The system relies on LangGraph's built-in error handling during the `agent.invoke` call in [`src/main.py`](https://github.com/virattt/ai-hedge-fund/blob/main/src/main.py). If an analyst node fails, the error propagates through the graph state. For back-testing, the `BacktestEngine` in [`src/backtesting/engine.py`](https://github.com/virattt/ai-hedge-fund/blob/main/src/backtesting/engine.py) wraps daily iterations in logic that skips dates with missing market data, ensuring the flow execution lifecycle continues uninterrupted across valid trading days.

### What is the difference between live mode and back-test mode in the execution stage?

In **live mode**, the `TradeExecutor.execute_trade` method in [`src/backtesting/trader.py`](https://github.com/virattt/ai-hedge-fund/blob/main/src/backtesting/trader.py) applies decisions immediately to an in-memory `Portfolio` object using methods like `apply_long_buy` and `apply_short_open`. In **back-test mode**, the `BacktestEngine.run_backtest` method drives a historical simulation loop, prefetching market data, iterating over business days, and computing portfolio valuations retroactively without live market interaction.

### How are analyst signals aggregated during the workflow construction stage?

The `create_workflow` function in [`src/main.py`](https://github.com/virattt/ai-hedge-fund/blob/main/src/main.py) dynamically injects analyst nodes retrieved from `get_analyst_nodes` in [`src/utils/analysts.py`](https://github.com/virattt/ai-hedge-fund/blob/main/src/utils/analysts.py). Each analyst node writes its signals into the shared `AgentState` under `data["analyst_signals"]`. The graph topology ensures all analyst nodes route to the risk-management node, which reads the aggregated signals before passing them to the portfolio-management node for final decision synthesis.

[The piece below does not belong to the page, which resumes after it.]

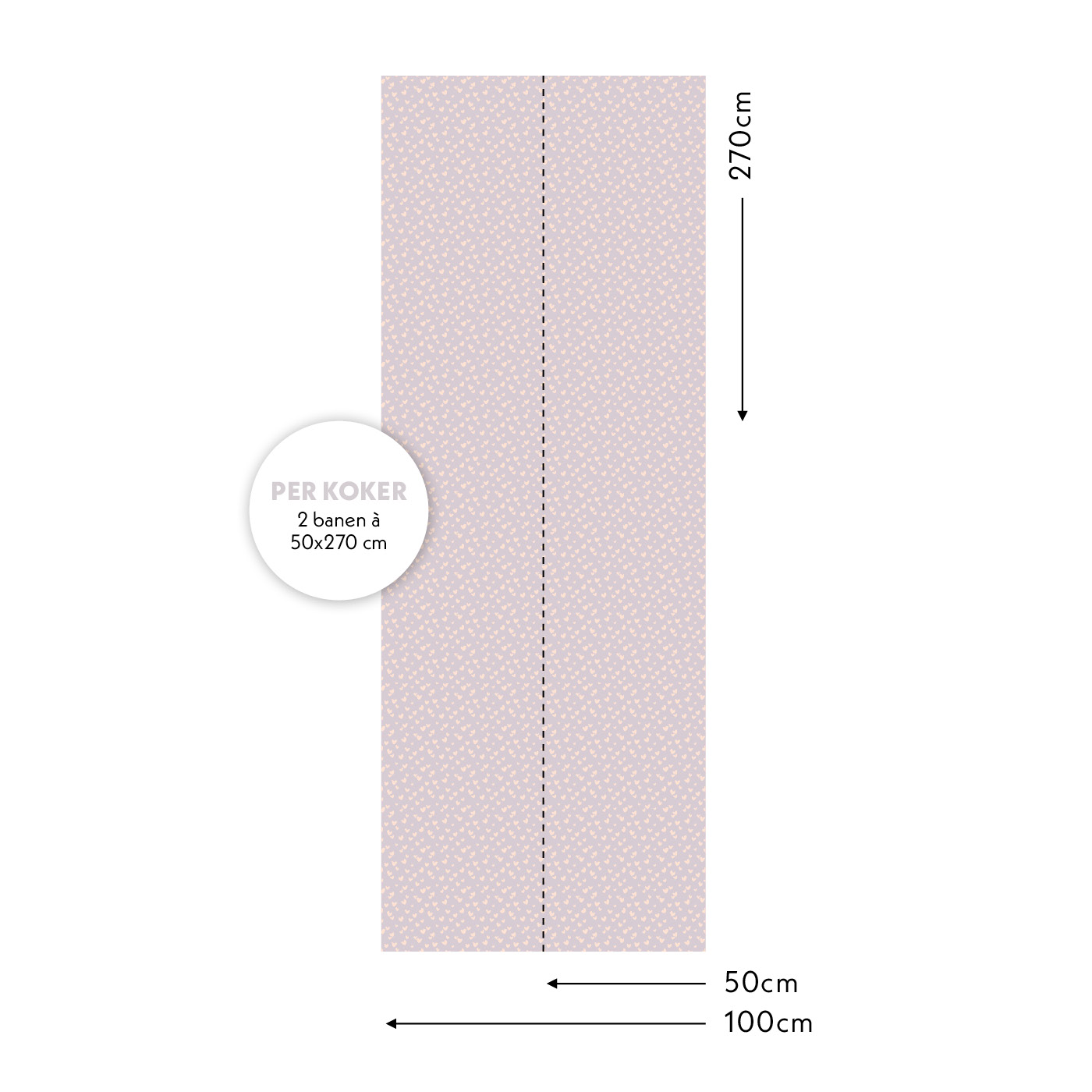 Iedere meter bestaat uit twee banen van 50cm breed en 270cm hoog. De kokers waarin de banen zitten zijn gemarkeerd met letters voor de opeenvolgende banen. Plak de banen naast elkaar voor een perfect naadloos en doorlopend patroon.
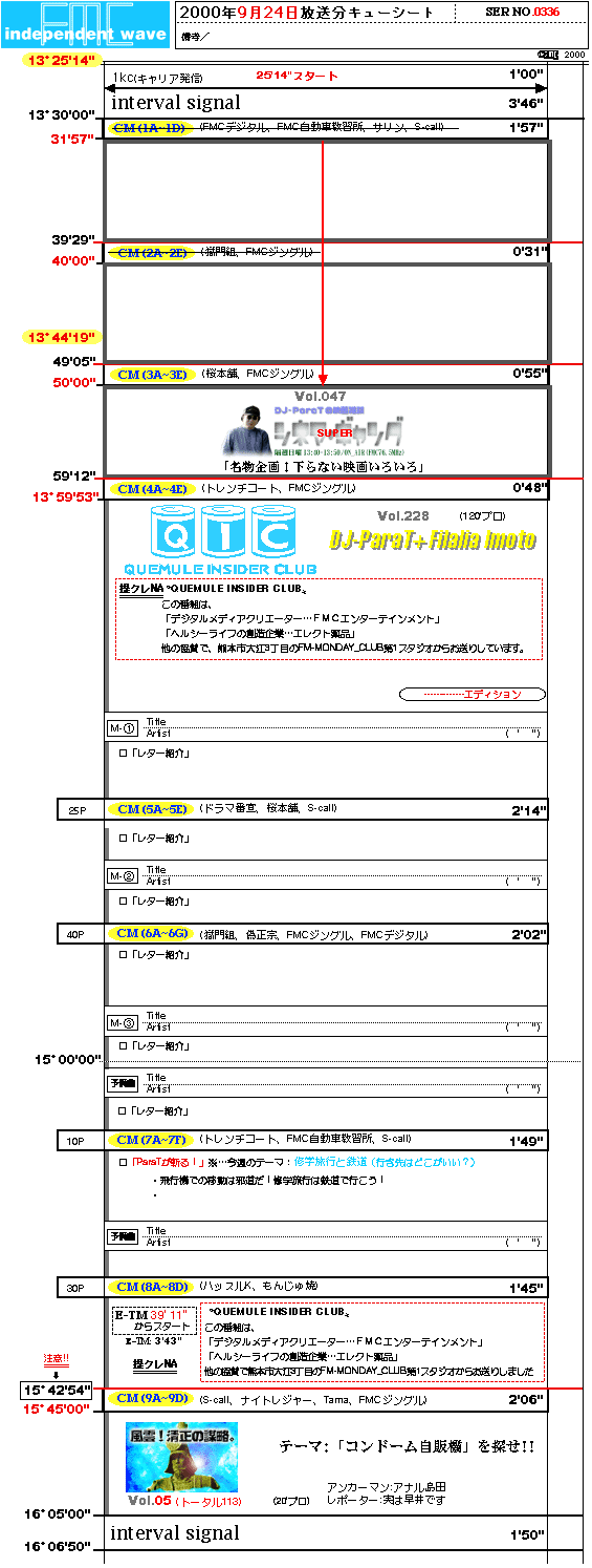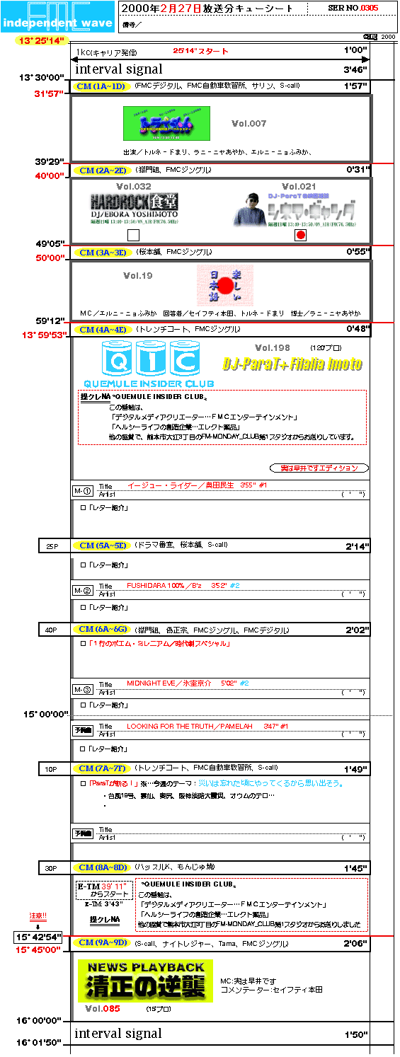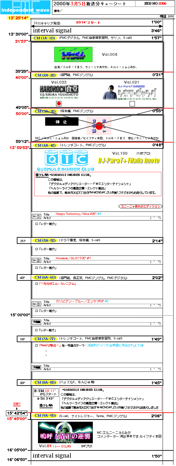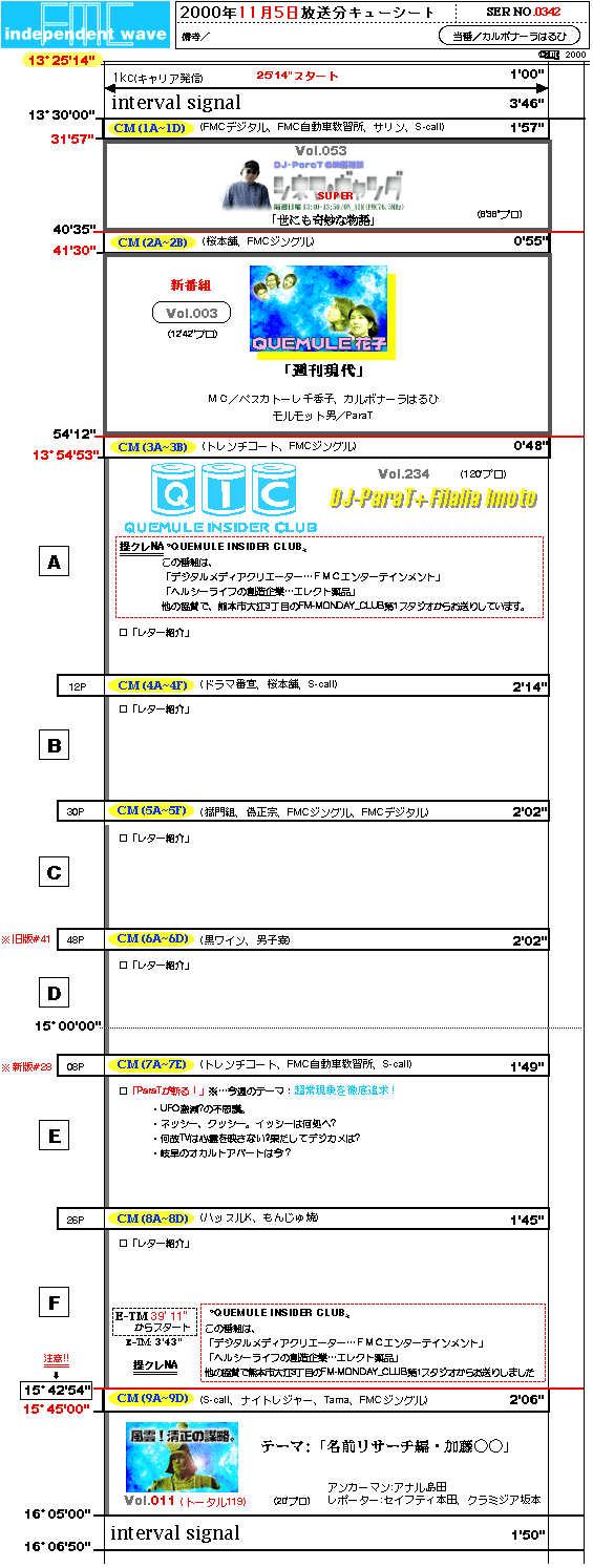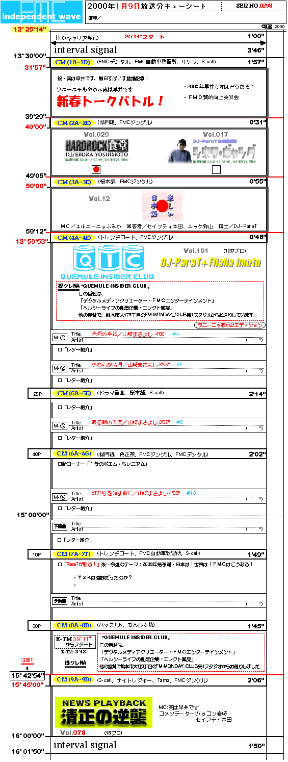 | 20001022 | 「QUEMULE花子」開始。「QIC」5分拡大。 |

### Where are performance metrics calculated in the flow execution lifecycle?

Performance metrics are calculated during **Stage 6** by the `PerformanceMetricsCalculator` class in [`src/backtesting/metrics.py`](https://github.com/virattt/ai-hedge-fund/blob/main/src/backtesting/metrics.py). This component computes the Sharpe ratio, Sortino ratio, maximum drawdown, and long/short exposure ratios from the portfolio value history accumulated during the execution stage. For back-tests, these metrics are finalized after the `BacktestEngine` completes its daily loop, while live mode displays immediate decision outputs without full historical metric calculation.